Chinese stocks slid 4.55 percent on Tuesday to a three-week closing low, led by financial and property shares after the central bank announced a rate cut that was much smaller than the market had been anticipating. The Shanghai Composite Index closed at 1,897.225 points, extending a 1.52 percent loss on Monday that had snapped a five-day rising streak.
Looming expiries this week of lock-up periods for a large volume of shares are also weighing on the market. Losing Shanghai A shares outnumbered gainers by 895 to 32, with more than 30 Shanghai A shares plunging by their 10 percent daily limit. Turnover in Shanghai A shares rose to 66.8 billion yuan ($9.8 billion) from Monday's 60.3 billion yuan.
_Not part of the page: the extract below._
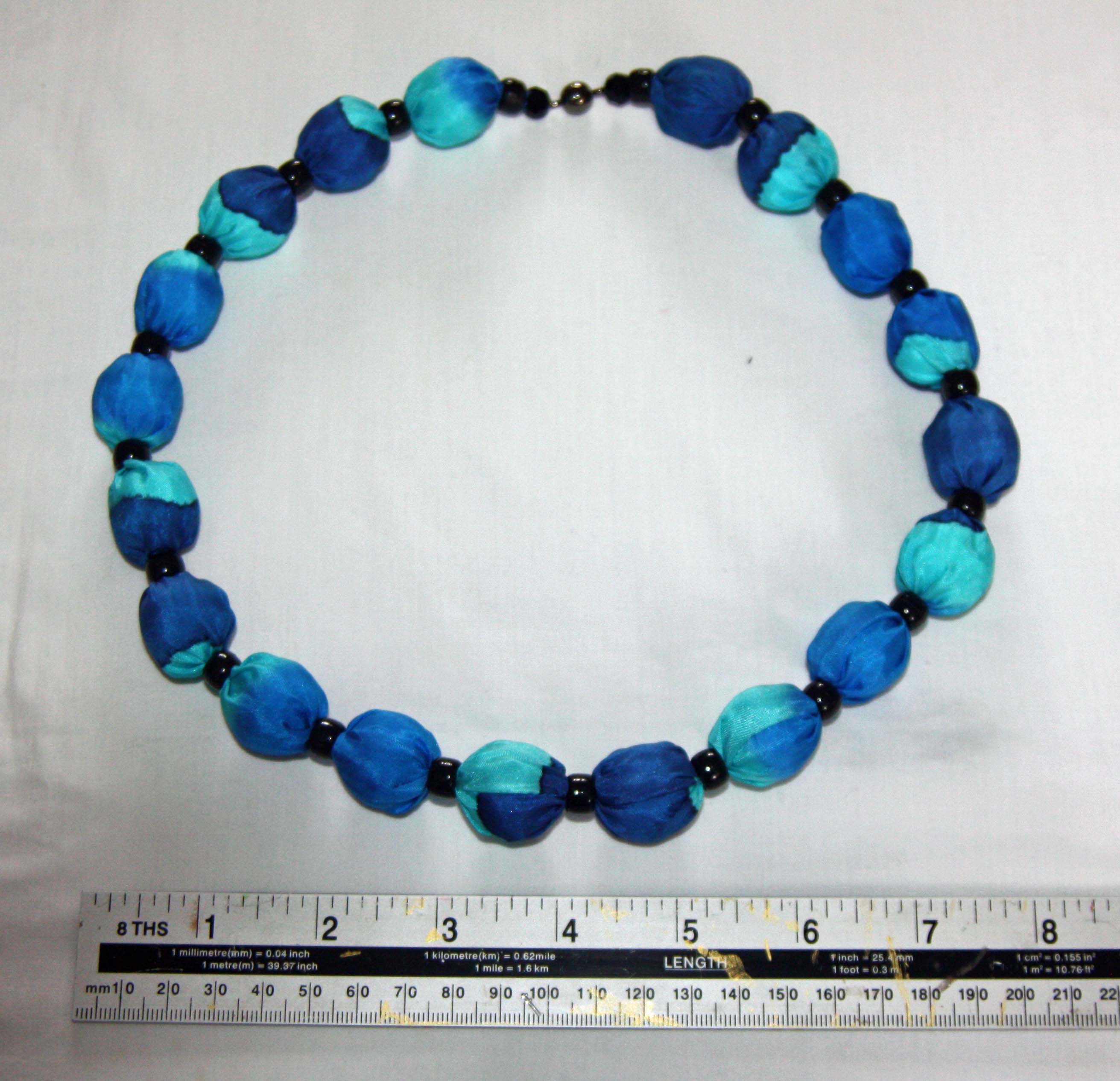 This silk necklace is navy, royal blue and aqua. The beads are compressed cotton and they are spaced with black bugle beads. It has a black plated magnetic clasp. I painted the silk in navy, royal blue and aqua stripes. It is then steamed to fix the dye. The necklace can be dabbed but not immersed in water. It is very light so ideal for travelling. Length approximately 63 centimetres or 25 inches.

After the market closed on Monday, China's central bank announced a cut in banks' benchmark lending and deposit rates by 0.27 percentage point, the fifth cut since mid-September. Analysts said the much smaller-than-expected rate cut was a disappointment for the market, which was already struggling with weak sentiment.
Rate-sensitive sectors such as banks were weak. Industrial & Commercial Bank of China, the country's largest bank, slipped 2.65 percent to 3.68 yuan after dropping 1.05 percent on Monday. Industrial Bank lost 5.06 percent to 15.56 yuan. China Vanke, the country's leading listed property developer, fell 4.90 percent to 6.98 yuan after dropping 4.92 percent on Monday.
The index broke below its 60-day moving average, now at 1,946 points, a chart line that analysts said had provided solid support in recent weeks. "The technical sign is not good. The market is unlikely to rally strongly in the rest of the days in 2008," said Zhang Yanbing, analyst at Zheshang Securities.
"Some investors viewed the rate cut as the last positive news and the last chance to take profits this year. The release of locked-up shares is still weighing on the market," said Li Wenhui, analyst at Huatai Securities. He added that the index faced profit taking after rising to 2,000 points and it might slip to test 1,900 points in the next few days.
China Pacific Insurance Group, the country's third-largest insurer, sagged 7.41 percent to 10.87 yuan, adding to the previous day's 5.09 percent drop after saying around 1.58 billion of its shares would emerge from a lock-up period and become tradeable on Thursday.
Haitong Securities tumbled 7.97 percent to 7.74 yuan, with 160 milllion lock-up shares becoming tradable on Monday. Local media reported 2.07 billion of Haitong's lock-up shares would become freely tradable through the end of 2008. Guangzhou Steel tumbled 10 percent to 4.01 yuan after saying its second biggest shareholder had sold 10.3 million shares.
Sinopec, China's biggest oil refiner, dropped 4.30 percent to 7.35 after losing 3.27 percent on Monday while PetroChina was off 4.30 percent at 10.45 yuan after slipping 1.44 percent on Monday, following news last week of a fuel price cut and tax hike that analysts expect will hurt refiners' margins in the short term.
ChangJiang Shipping Phoenix raced up 10 percent to 5.36 yuan while Nanjing Tanker advanced 9.52 percent to 5.06 yuan, rallying for a second day after news that a merger between their parent companies, China Yangtze Transportation (Group), and Sinotrans had been approved by the State Council, China's cabinet.